→ **Work order**
Skip any pictures. Repeat the data exactly, from its first line through the line that holds "Mid calf boots", both included.

→ **Task input**
● ● ● ● ● ● ●

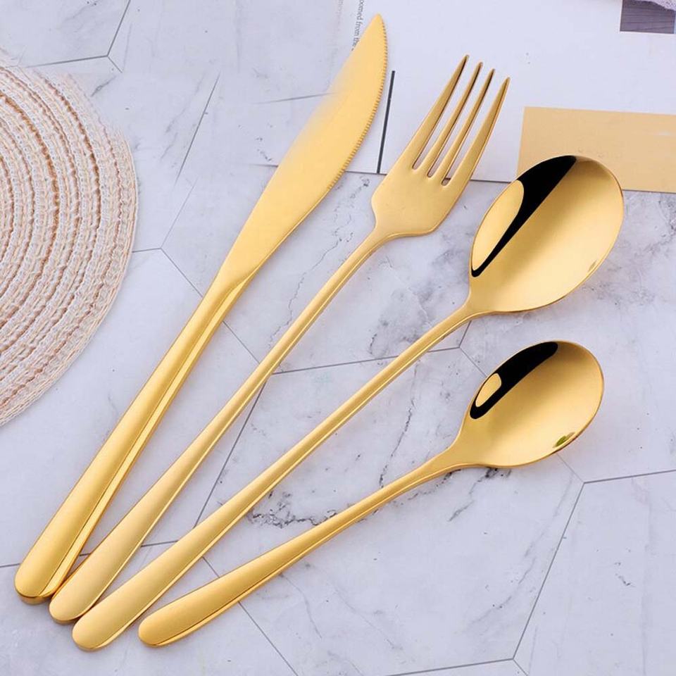 High Quality Gold Flat Long Handle Cutlery Set Mirror PC Material Spoon Fork Knife Vintage Luxury Flatware School Food Gifts
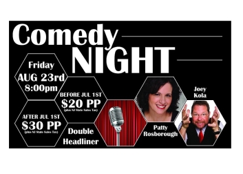Laugh the night away with two amazing headliners, Joey Kola and Patty Rosborough. Food truck available at the tasting room, starting at 6pm - Chef D's, specializing in artisan grilled cheese and loaded fries
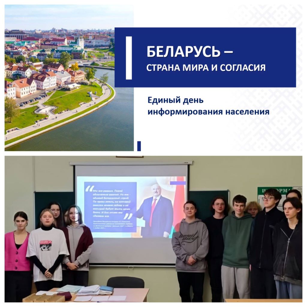 19 декабря в колледже прошли информационные часы в учебных группах, в рамках Единого дня информирования. Представители информационных пропагандистских групп обсудили тему «Беларусь – страна мира и согласия».
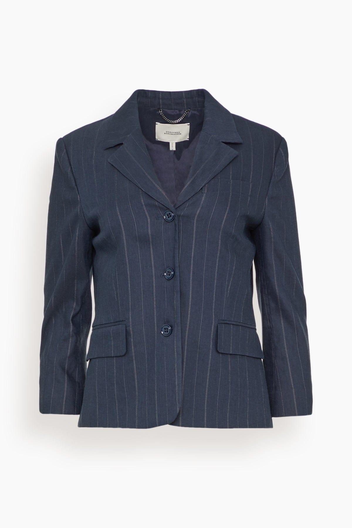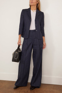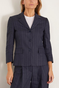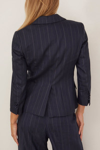 The Dorothee Schumacher Modern Sophistication Jacket is a timeless addition to your wardrobe. This jacket feature a slim, ladylike silhouette in a beautiful pinstripe linen blend. Wear yours with a skirt and heels. FIT DESCRIPTION MODEL MEASUREMENTS - Fits true to size, take your normal size - Blazer - Tailored silhouette - Cropped sleeves - Notched lapel - Flap pockets - 52 % Linen, 45 % Viscose, 2 % Elastane, 1 % Polyester - Charley is wearing a size 1/ XS - Bust: 33” - Waist: 25” - Hips: 34” - Height: 5’8”
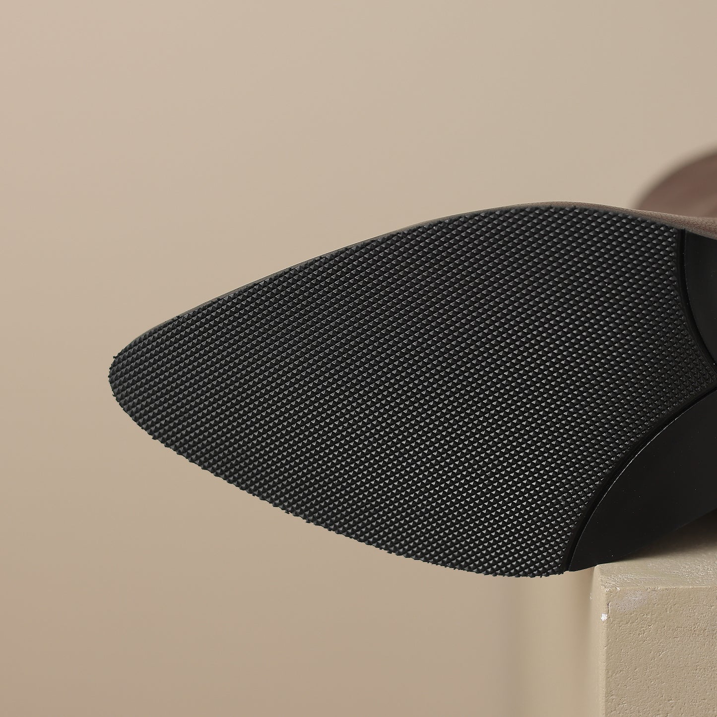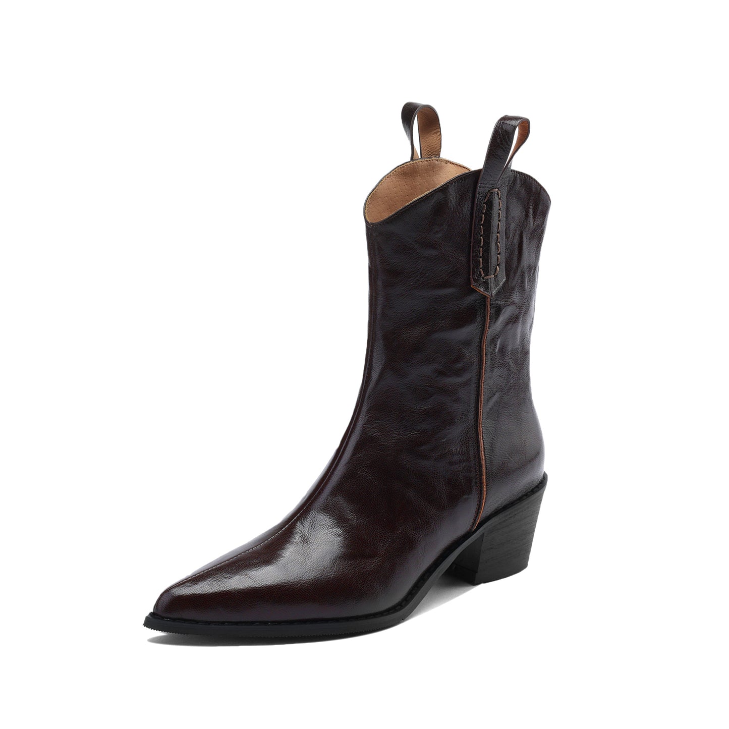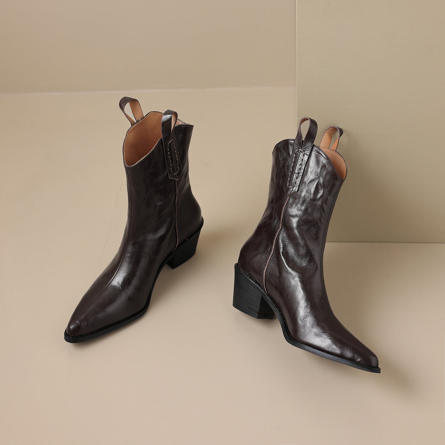 Mid calf boots are designed with genuine leather, block heel, pointed toe and pull on to keep up with fashion trend.
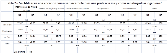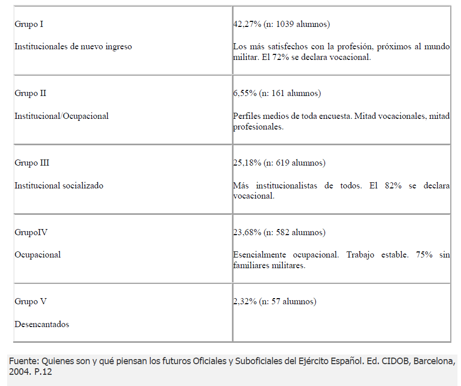 Es insoslayable preguntarse en sociología militar, al igual que en la medicina, la distinción entre institucionalismo y ocupacionalismo. “Una institución, según Moskos y Wood, se legitima en términos de valores y normas, es decir, de un objetivo que trasciende el interés individual a favor de un bien presumiblemente más alto” mientras que “el modelo ocupacional implica la prioridad del propio interés del individuo sobre el de la organización que lo emplea”. Sobre la base teórica de esta diferenciación, los autores definieron cinco grupos principales en torno a dos ejes que vienen dados estadísticamente. Los grupos resultantes fueron los siguientes:
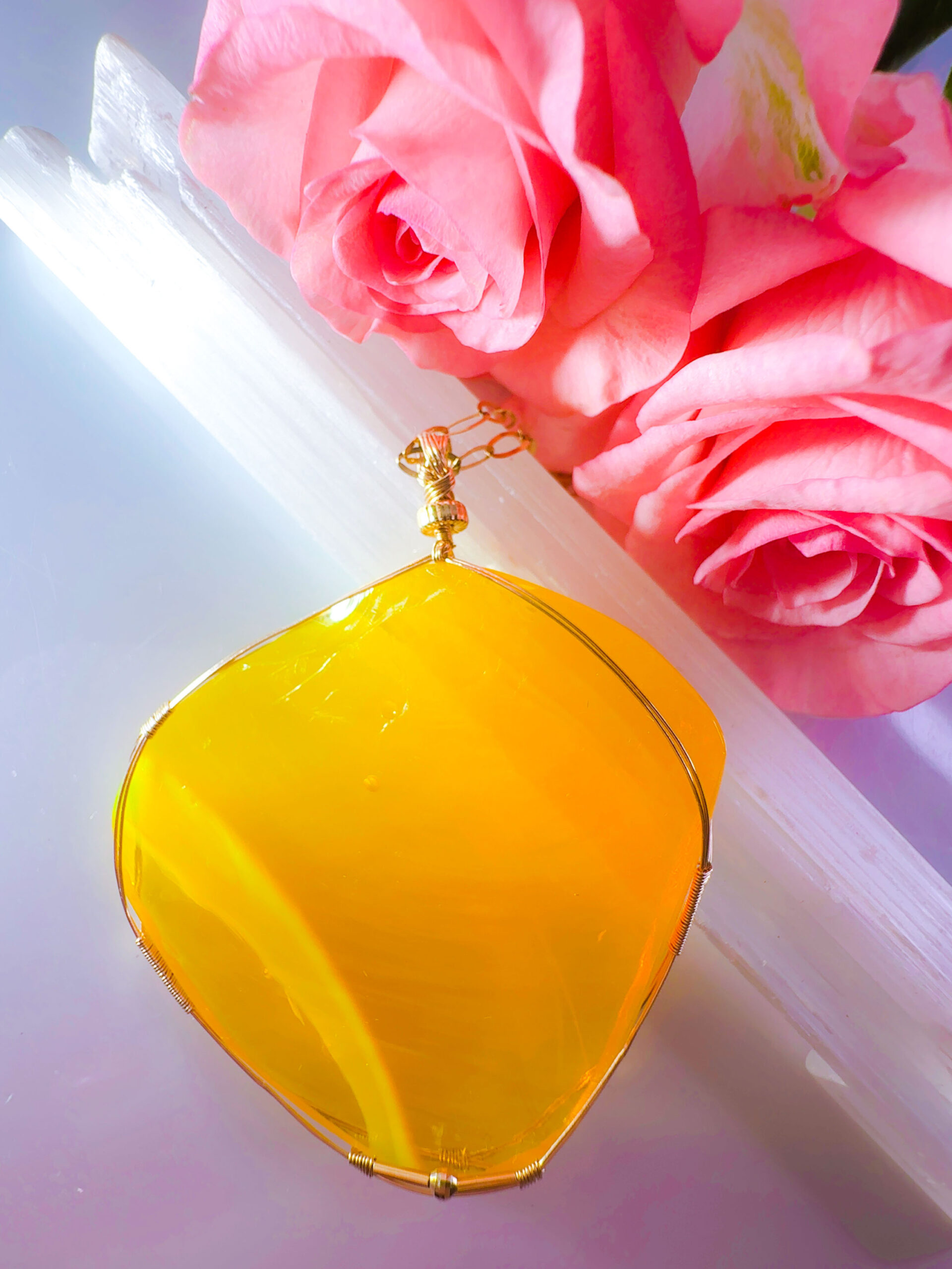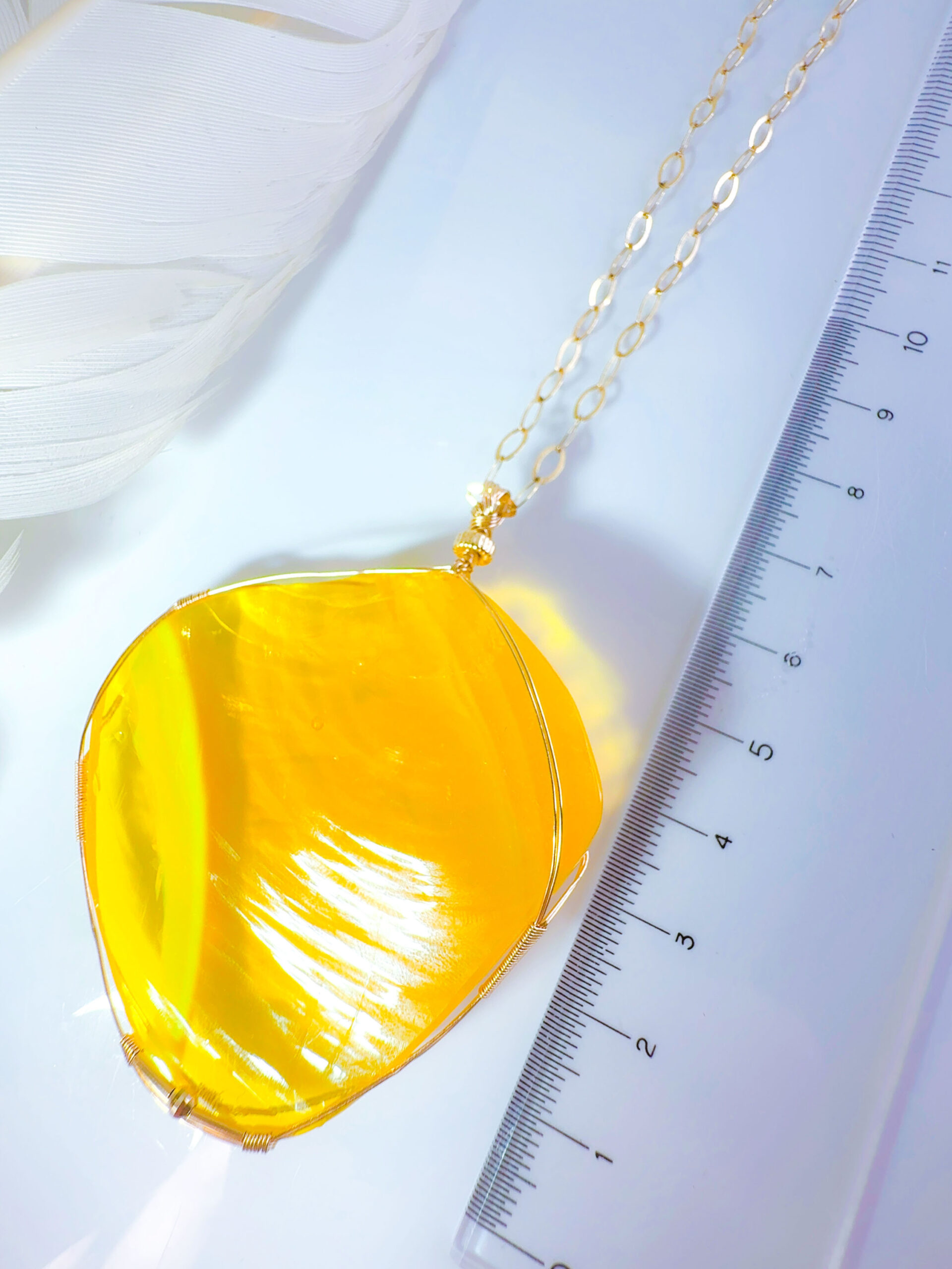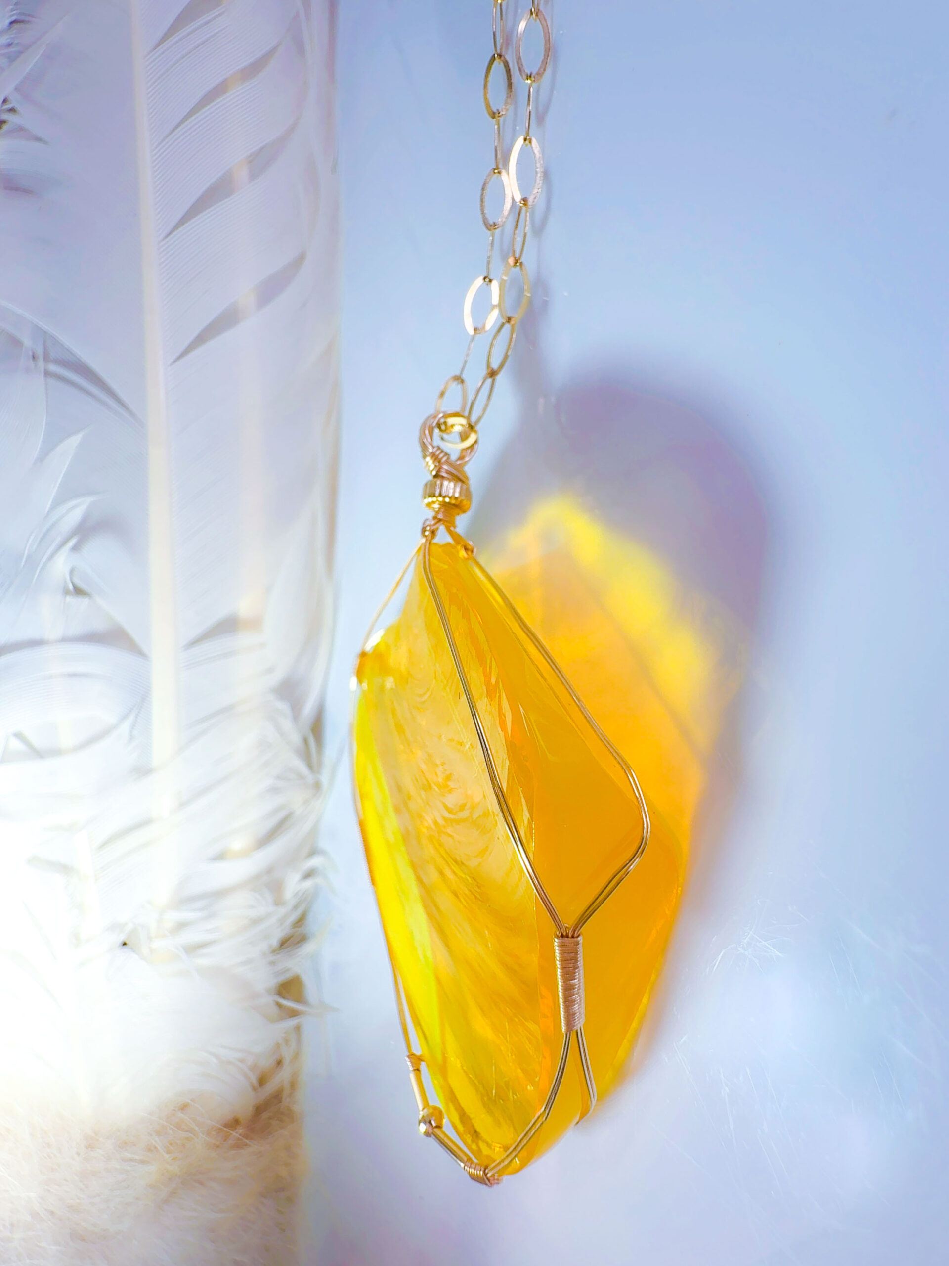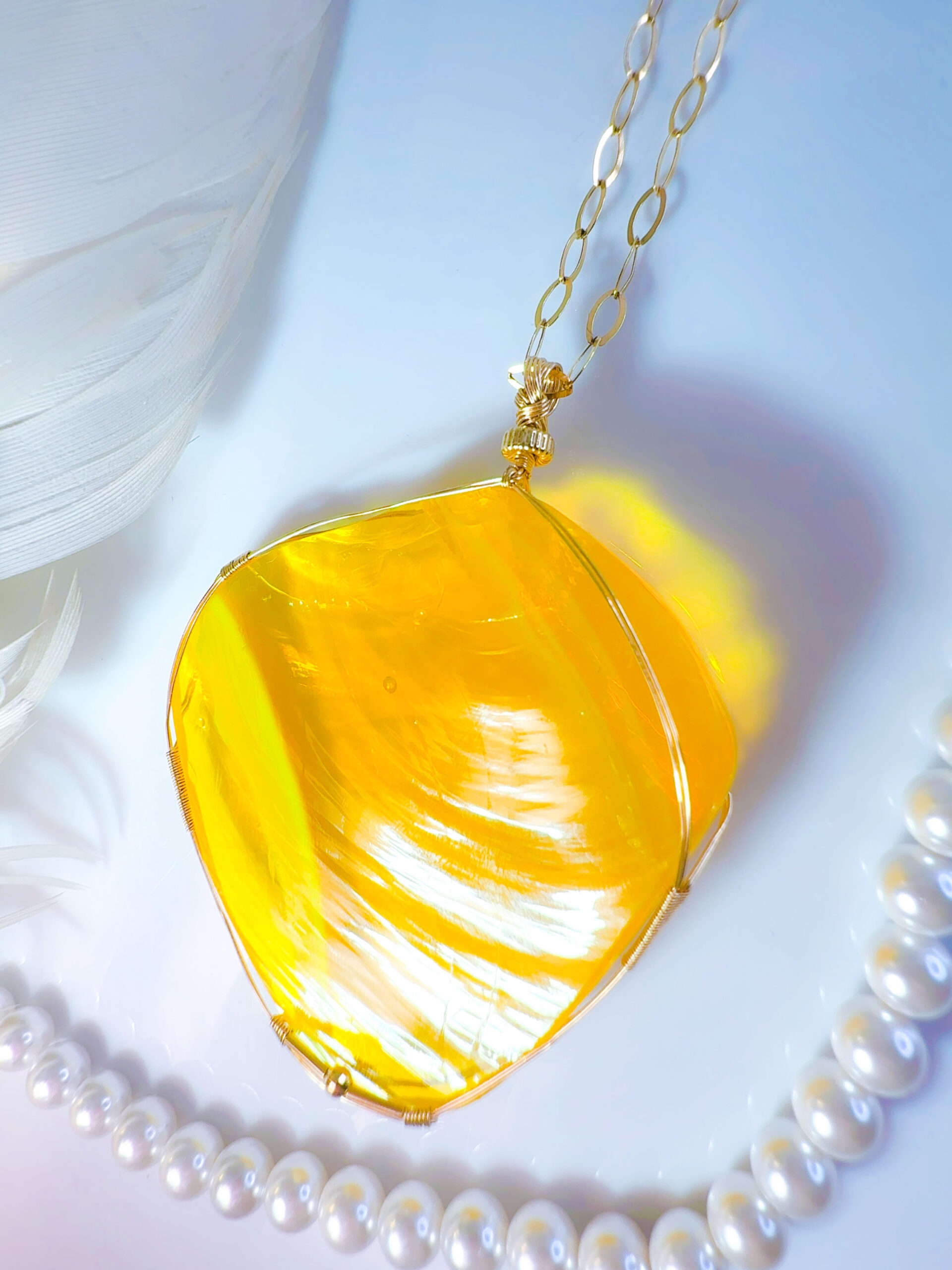【EGYPTIAN LIGHT 】アンダラクリスタル宝石(151.5CT!/エレクトリックオパレッセントイエローwith エンジェルオーラ/ハイクオリティ!ナチュラルフェイスカボション/両面美しい光の波紋模様 ) 14KGF女神巻き®︎大きなペンダント✴︎14KGFネックレス付き♪ ライオンズゲート制作【 88:LION’s gate portal JEWELRY】【永遠美の秘宝/超超超希少! 1点もの】 (andara1274)

● ● ● ● ● ● ●

→ **Exercise output**
 High Quality Gold Flat Long Handle Cutlery Set Mirror PC Material Spoon Fork Knife Vintage Luxury Flatware School Food Gifts
Laugh the night away with two amazing headliners, Joey Kola and Patty Rosborough. Food truck available at the tasting room, starting at 6pm - Chef D's, specializing in artisan grilled cheese and loaded fries
 19 декабря в колледже прошли информационные часы в учебных группах, в рамках Единого дня информирования. Представители информационных пропагандистских групп обсудили тему «Беларусь – страна мира и согласия».
 The Dorothee Schumacher Modern Sophistication Jacket is a timeless addition to your wardrobe. This jacket feature a slim, ladylike silhouette in a beautiful pinstripe linen blend. Wear yours with a skirt and heels. FIT DESCRIPTION MODEL MEASUREMENTS - Fits true to size, take your normal size - Blazer - Tailored silhouette - Cropped sleeves - Notched lapel - Flap pockets - 52 % Linen, 45 % Viscose, 2 % Elastane, 1 % Polyester - Charley is wearing a size 1/ XS - Bust: 33” - Waist: 25” - Hips: 34” - Height: 5’8”
 Mid calf boots are designed with genuine leather, block heel, pointed toe and pull on to keep up with fashion trend.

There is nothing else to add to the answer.